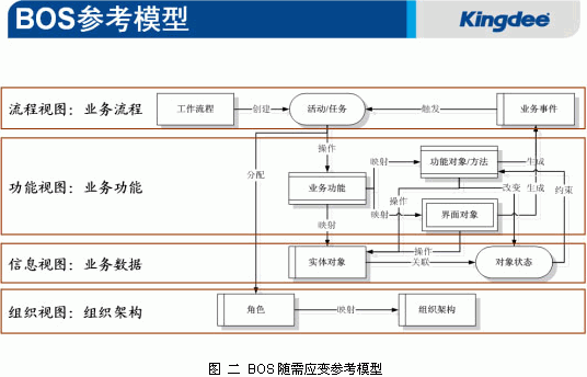 最后,金蝶EAS模型驅動架構通過 BOS為復雜的業(yè)務邏輯提供了驅動引擎。這套引擎為業(yè)務變革到系統(tǒng)變更提供了一套隨需應變的規(guī)則。一個工作流程在金蝶EAS中進行了變更,相應的流程控制邏輯、業(yè)務控制邏輯、信息處理邏輯、組織協(xié)同邏輯都會隨之改變。驅動引擎的作用,一方面是幫助企業(yè)將復雜的業(yè)務邏輯進行分解,一方面實現(xiàn)了從上到下的流程驅動。只要給出業(yè)務變革的輸入要素(5W1H),驅動引擎就可以保證該變革可以有條不紊的完成。這就是金蝶所稱的BOS隨需應變參考模型見下圖所示:
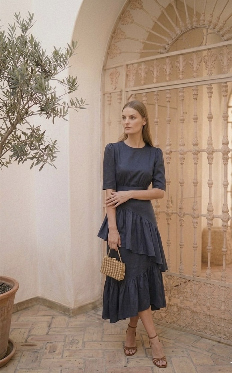 Top azul marino de tafetán con manga al codo. Ideal para combinar con la falda de volantes a juego y para tú día día.
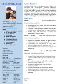 I am Moshiur Rahman from Bangladesh. I need a barista job. I have 2. 6 years experience

=== WORK REQUIRED ===
Word for word, repeat only the lines from the line containing "Top azul marino" through the end of the data, without any pictures.

=== WRITTEN RESPONSE ===
 Top azul marino de tafetán con manga al codo. Ideal para combinar con la falda de volantes a juego y para tú día día.
 I am Moshiur Rahman from Bangladesh. I need a barista job. I have 2. 6 years experience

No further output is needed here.